Classical vs Non-Classical MHC Molecules

• "Classical" refers to the primary, highly polymorphic MHC molecules that are directly involved in antigen presentation to T cells and play a central role in adaptive immunity.
• Classical MHC molecules are the ones most commonly associated with their respective classes (I or II) and their primary immune functions.

Classical MHC I

• HLA-A, HLA-B, HLA-C in humans.
• They present endogenous peptides to CD8+ cytotoxic T cells.
• They are highly polymorphic.

Classical MHC II

• HLA-DP, HLA-DQ, HLA-DR in humans.
• They present exogenous peptides to CD4+ helper T cells.
• They are also highly polymorphic.
• Non-classical MHC molecules are typically less polymorphic and have specialized or regulatory roles rather than directly presenting antigens to T cells.

Non-Classical examples MHC-I

• HLA-E, HLA-F, HLA-G (involved in immune regulation and tolerance, particularly in pregnancy or natural killer (NK) cell function).

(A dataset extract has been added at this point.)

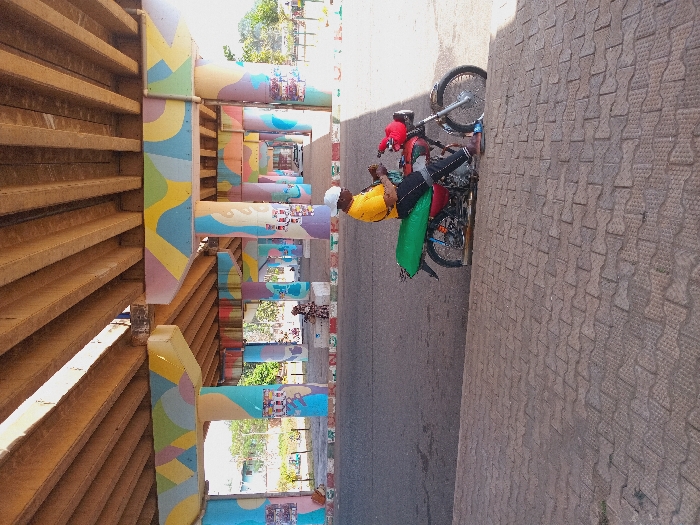 The image captures a daytime scene under the Jos Terminus flyover in Jos, Nigeria
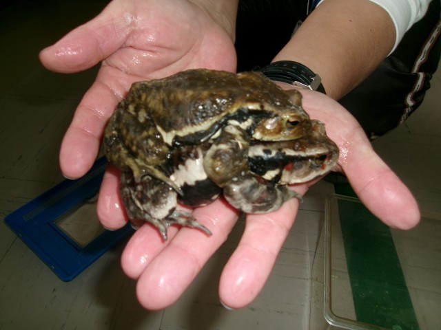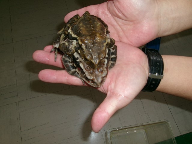 朝、東側のビオトープの近くで、教員が2匹のカエルを見つけました。とても大きいので、子供たちもびっくりすると思います。見せたときにどんな反応があるか楽しみです。

Non-Classical examples MHC-II

• HLA-DM and HLA-DO (regulate peptide loading onto classical MHC class II molecules).
• Classical MHC class I molecules (HLA-A, -B, -C) and MHC Class II classical molecules (HLA-DP, -DQ, -DR) are the primary antigen-presenting molecules.
• They differ from nonclassical MHC molecules, which have auxiliary or regulatory roles rather than directly activating T cells.

HLA-DM and HLA-DO vs Classical MHC Class II

• Classical MHC class II molecules (HLA-DR, -DP, -DQ in humans) are primarily involved in presenting antigenic peptides to CD4+ T cells.
• They bind and present peptides to activate T-cell responses.
• HLA-DM and HLA-DO do not present antigens directly to T cells.
• HLA-DM facilitates the loading of peptides onto MHC class II molecules.
• HLA-DO regulates this process (HLA-DM) by inhibiting the binding of peptides to MHC class II.

HLA-DM vs HLA-DO

• HLA-DM assists in peptide exchange and loading onto MHC class II molecules, enhancing the presentation of high-affinity peptides.
• HLA-DO acts as a chaperone molecule that limits the peptide binding to MHC class II, modulating the peptide repertoire available for presentation.
• HLA-DM facilitates peptide loading onto MHC class II.
• HLA-DO controls the peptide binding process by MHC class II molecules.
• Both are important for shaping the antigen presentation and adaptive immune response.

Description

MHC is a gene collection on chromosome six, encoding three molecule classes in humans and organizing intracellular recognition of self and non-self. It participates in the initial development of humoral and cell-mediated immune responses. The three classes have distinct characteristics and roles in the immune system.